Slander is a serious crime, a felony. Residents discussed taking legal action against him. Within a week, he and his wife moved away. Brady may have been a malicious nut, but he was smart enough to stay gone. And yet, that was not completely the end of him.
According to his acquaintances, Brady had also been a Peeping Tom who captured, and shared, intimate images of couples in the neighborhood without their knowledge or permission. The dude was allegedly all but hanging off rain gutters with video cameras dangling from his butt.
In the end, Brady was exposed by something he could never have predicted: the rise of the internet. Suddenly, anyone who could read could look up personal histories, and many did. It turned out that the people Brady had targeted had never been in trouble in their lives. Neither had their friends or relatives. Not then, not now, not ever.
Brady, however, and some of his followers, had very interesting histories. And they became more spicy the deeper you searched.

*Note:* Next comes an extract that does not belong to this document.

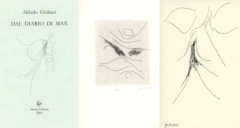(Pensieri e ridevoli patacchi). Riproduzione di sei disegni inediti di Achille Perilli. Al controfrontespizio un'acquaforte originale di Perilli, realizzata appositamente per questa edizione (cm 10x8,5) in 50 esemplari numerati e firmati. Uno dei 6 esemplari con allegato un disegno originale di Perilli Stampato su carta Velina Magnani. Acquaforte tirata a Milano nella stamperia di Giorgio Upiglio, su carta Sicars di Sicilia. 8vo. pp. 66. . Perfetto (Mint). . Prima ed. di 250 + XXV es. numerati e firmati. Letteratura italiana del 900 [Gambetti, 2007] Gambetti Lucio, Vezzosi Franco, Rarità bibliografiche del Novecento italiano. Repertorio delle edizioni originali. Milano, Edizioni Sylvestre Bonnard, 2007.

Was Brady ever punished for his crimes? No. He was protected by the times he lived in. He was smart enough to give his actions the "Watch Group" frame. And he exploited weaknesses in the social culture. The Good Old Days did not protect women and girls. Could he get away with the same behavior now? No. Not with a cell phone in every hand and a healthy readiness to call the cops on creeps. The Good New Days are a healthy improvement, in almost every way, on the old. And we have to be content with that.